Here’s the sermon I preached with the people of Central Church of the Brethren this past Sunday. It’s behind the paywall - for paid subscribers only - as a way of acknowledging and thanking those of you who support my writing with your dollars in addition to your attention. In this season of variable income and vocational transition, I appreciate you.
Sermon: John 20: 19-31
Central Church of the Brethren
April 7, 2024
Do you know the name Anne Braden?
Anne was born in Louisville, Kentucky in 1924 to a middle-class white family, and grew up in the fullness of what being white in the south meant - segregation and white supremacy. She left Kentucky to go to college at Randolph-Macon Women’s College just down the road in Lynchburg. During those years she had what she calls “a conversion of almost religious intensity” that felt like “turning myself inside out and upside down.” The conversion was about how she understood segregation, white supremacy, race and justice.

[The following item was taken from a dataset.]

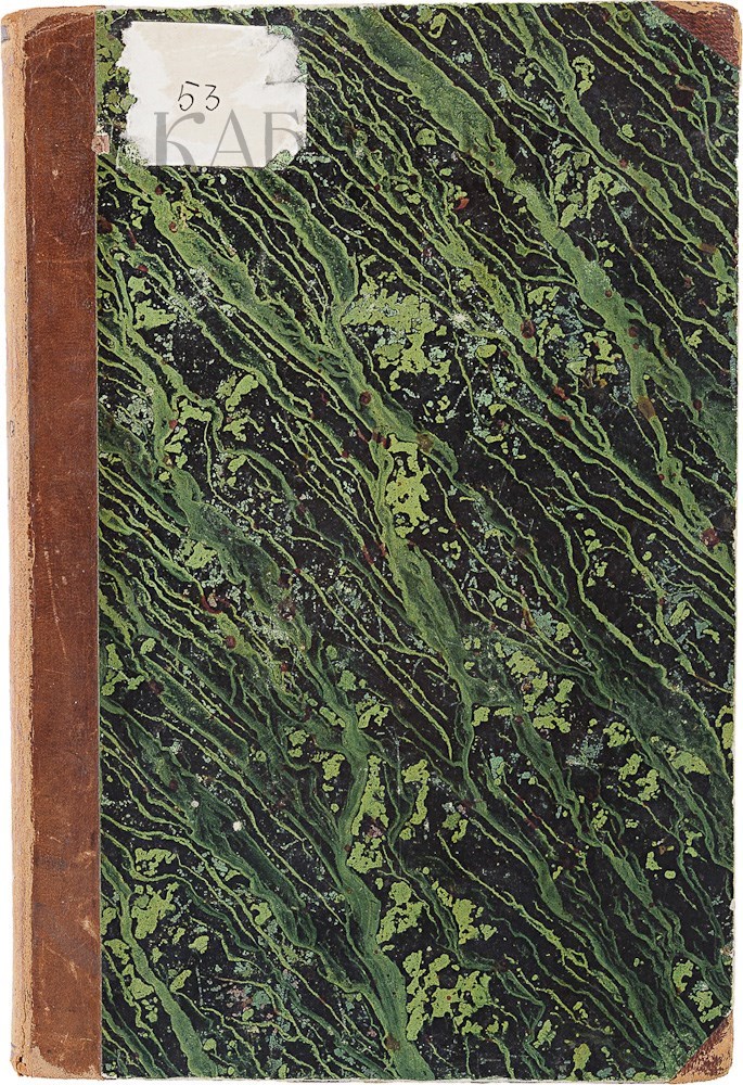 Экземпляр во владельческом полукожаном переплете. Портрет утерян. Следы влаги на некоторых страницах книги. Лисьи пятна. Продавленность задней крышки по верхнему краю, залом последних страниц книги по верхнему краю.

The conversion shifted the course of Anne’s life. She moved back to Louisville and worked as a journalist, and she and her husband Carl became some of the most active and visible white allies of the Black Freedom Movement in the American South. The Bradens were powerful and reviled. Anne was arrested multiple times and, when she and Carl purchased a home in a white Louisville suburb as a favor for their Black friends Andrew and Charlotte Wade, couple was charged and tried with SEDITION.